The contents of the Black Market exploded in their brains like the fruits and flowers of spring.

She was making a list of her favourite things from when she was a little girl. And Sofia saw that the Goose was quietly staring at her. It seemed as though nothing in the world could distract him, and she was delighted. And continued her magical grocery list of items they would retrieve from the Black Market. She was truly more satisfied with the feeling his attention gave her than with any of the objects on her list. And she got it into her head that when they got to the Black Market and were able to stuff their pockets and suitcase with these extraordinary items, then she would reveal to the Goose the depth of her feelings towards him. Thus, she believed it was the Goose’s love that she was going to buy on the Black Market.

“What will you buy all this with?” inquired the Goose. “You don’t have your ring anymore.”

“I happen to have, in my inner pocket, a very important document that will have to be worth something.”

The Goose stopped as though he was going to say something about this, and then shrugged his wings and walked along next to Sofia.

Sofia felt she and the Goose were happy together for the first time in weeks. Even if they never found the Black Market, the idea that it was just up ahead would have lasted them at least several more wonderful days. They felt they were so close to the Black Market. It might appear before them at any minute, the way grand cities surprisingly revealed themselves to travellers.
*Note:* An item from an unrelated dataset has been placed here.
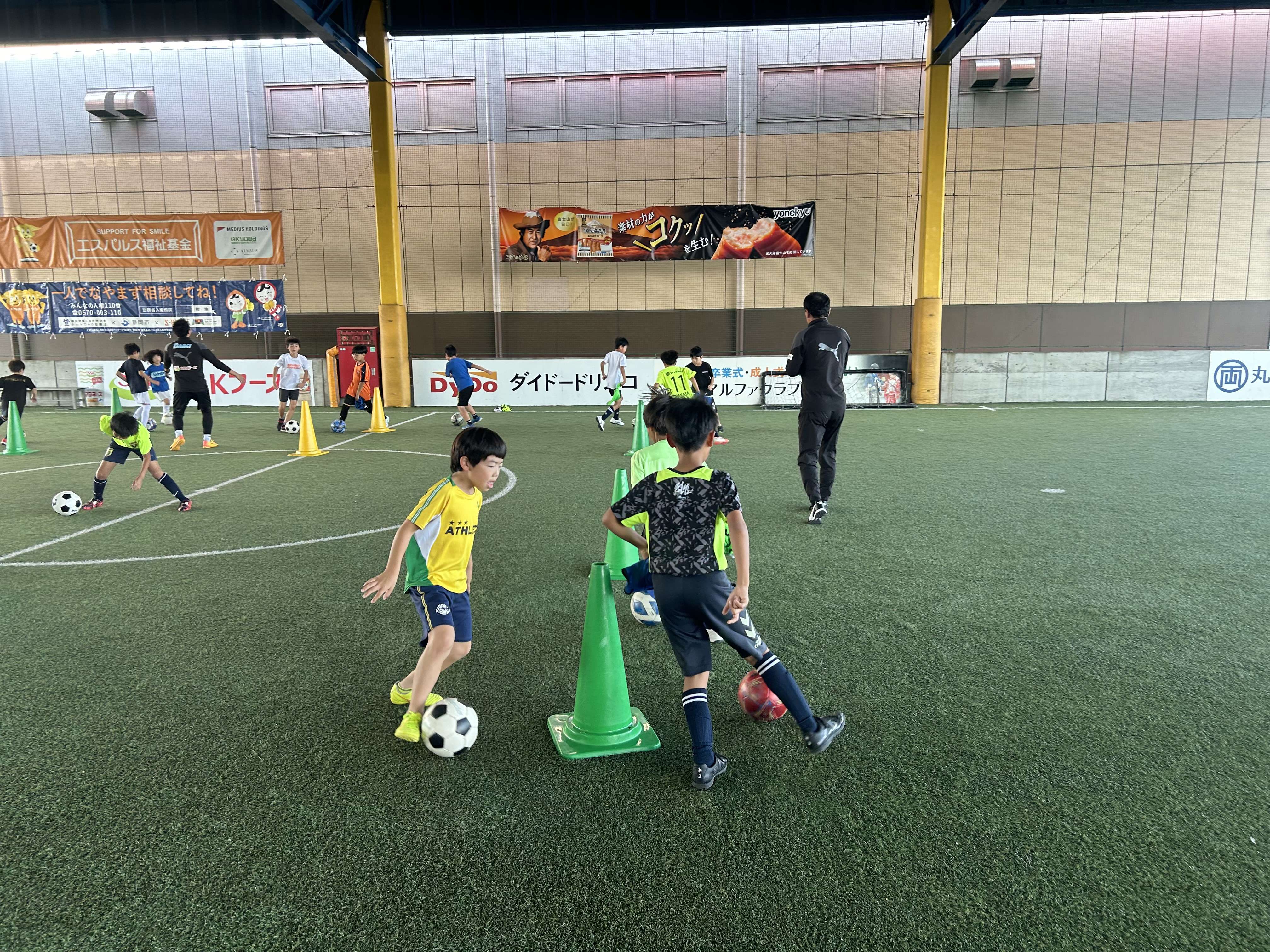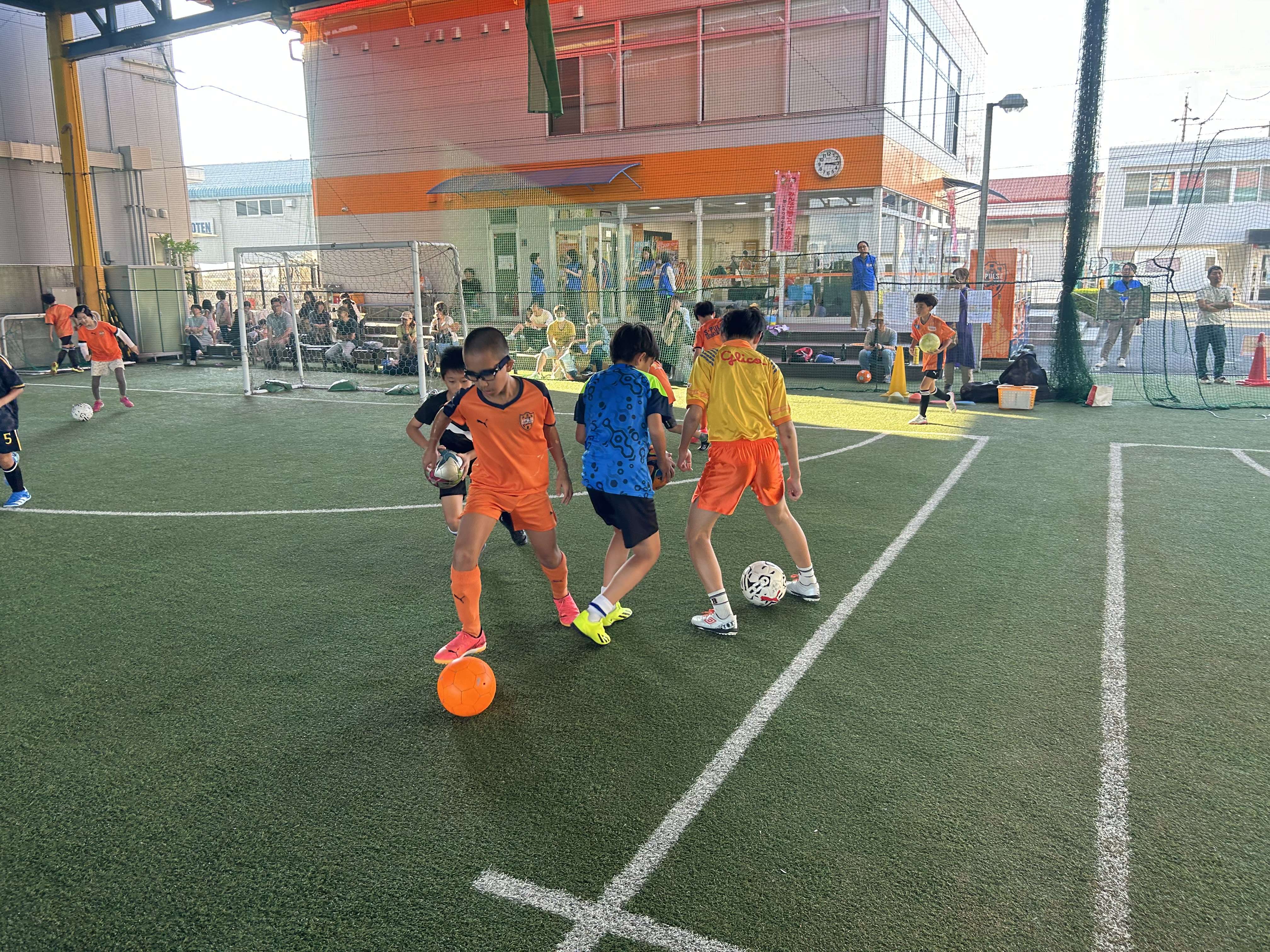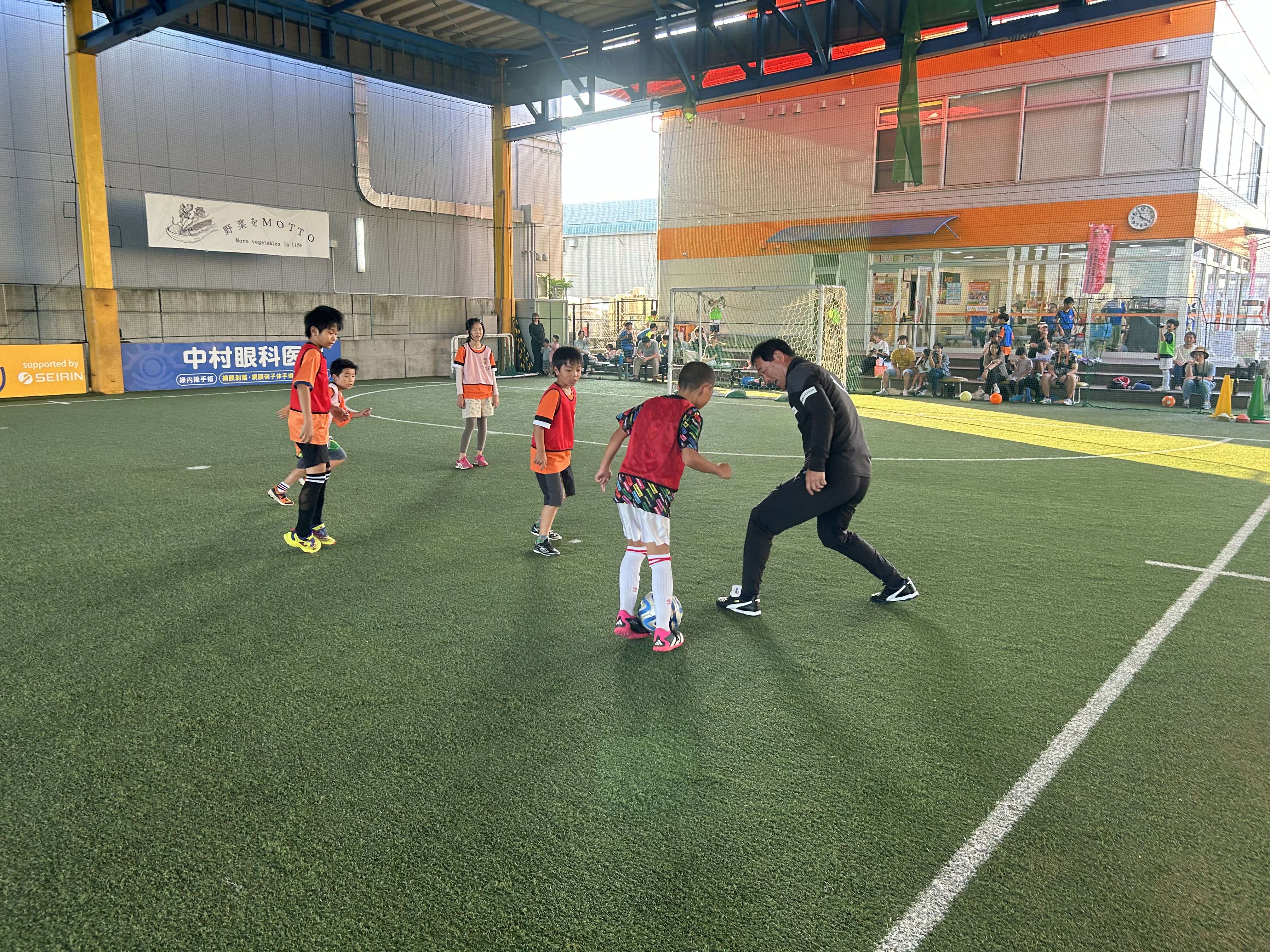子どもたちは、アドバイスを真剣に聞き、パス練習やドリブル練習、1vs1、ゲーム形式など思いきりプレーし、相手の気持ちを考えることや思いやることの大切さをサッカーの中で楽しみながら学んでいく様子が印象的でした。ゲーム形式のメニューには平岡アカデミーヘッドオブコーチングも参加し、トラップやパス等、1つ1つのプレーの質の高さに子どもたちは驚いている様子でした。

The Goose moved his neck around happily, almost as though he were whistling.

The clouds looked like the bodies of overweight women floating on the surface of a lake. They were on holiday. If their children went and got themselves killed, they would not be able to be reached.

Sofia had to pass near a small village. She was surprised to see so many people on the road. They were milling about as though there was not a war going on. She wasn’t at all sure what had been happening to the people in the towns. She expected they were all being massacred. They would have all been put on trains and sent off to the Enemy country to be murdered. But these people did not seem afraid. She had not realized going into the woods that when she came back out, her people would be entirely different. She thought she could just pass through this town easily. How could the Enemy possibly tell she was not one of the peasants?

But the peasants were regarding her with suspicion. As they passed, they gave her looks that communicated, in no uncertain terms, that they knew she wasn’t one of them. They knew she was a stranger. Their eyes seemed to say, I know who you are—and I have power over you. I can turn you in at any second. Everybody is eventually betrayed by their own.

She was terrified of her own people. These were the survivors. These were the people who had not been killed by the Enemy. These were the turncoats. These were the traitors. They had done nothing at all while the cities were being viciously attacked. They had let the soldiers ride into the cities. She was certain of it. Nothing belonged to her anymore. She was in a very strange country. It was not the country she had grown up in at all. It was all gone. She could tell that now.

Perhaps she would have been more trusting if she had not been tricked by Tobias. She had already had her eyes opened to the treachery of her fellow Elysians. She remembered all the meetings the resistance had had. It was perhaps better that they had all been shot in the head. Otherwise, they would have to know that the peasants and all the citizens outside the Capital had turned against them.

Maybe this was a victory of sorts for the peasants. After all, the Enemy really supported and revered the rural life and regarded the big cities as sites of decadence. And so did the peasants.

There were several little girls holding hands and hurrying down the path. They stopped in their tracks when they saw Sofia. They were frightened and wary of her. They began circling her as though she were prey and they were intending to eat her. They were looking for an opportunity to attack.

She saw it in their gestures and their mood. They had taken the contempt and hatred of the Enemy and had internalized it. They did not seem to have the expressions of girls. She recalled going to the zoo when she was little. And looking into the enclosure filled with wolves. These little girls all had the same suspicious and inscrutable eyes.

They began speaking to her all at once, not letting her answer any of their questions.

“Where are you from?”

“I’ve never seen you before.”

“She’s from the Capital. I can tell by her stupid look.”

“You are from the Capital? You started all this trouble. It’s because of you that my cousin was killed. And he was the most handsome one in our family.”

“We were always having to turn away people from the Capital at the beginning of the war.”

“It’s been a while since one came. What do you think we should do with her?”

“We should set the dogs on her.”

“We will tell on you, and they’ll hang you from a tree.”

“Do you have any coins?”

“You have to pay us something before we can let you pass.”

“Or we will turn you in.”

They stood in front of her with their hands linked, as though they were paper dolls.

The girls looked so small and pathetic to her. She realized they did not perceive her as one of them. Her arrival was a threat, the way an adult’s might be. She had come out of the woods, and she was no longer a child. Nothing would ever make her a child again. And nothing could make her feel intimidated by other children again.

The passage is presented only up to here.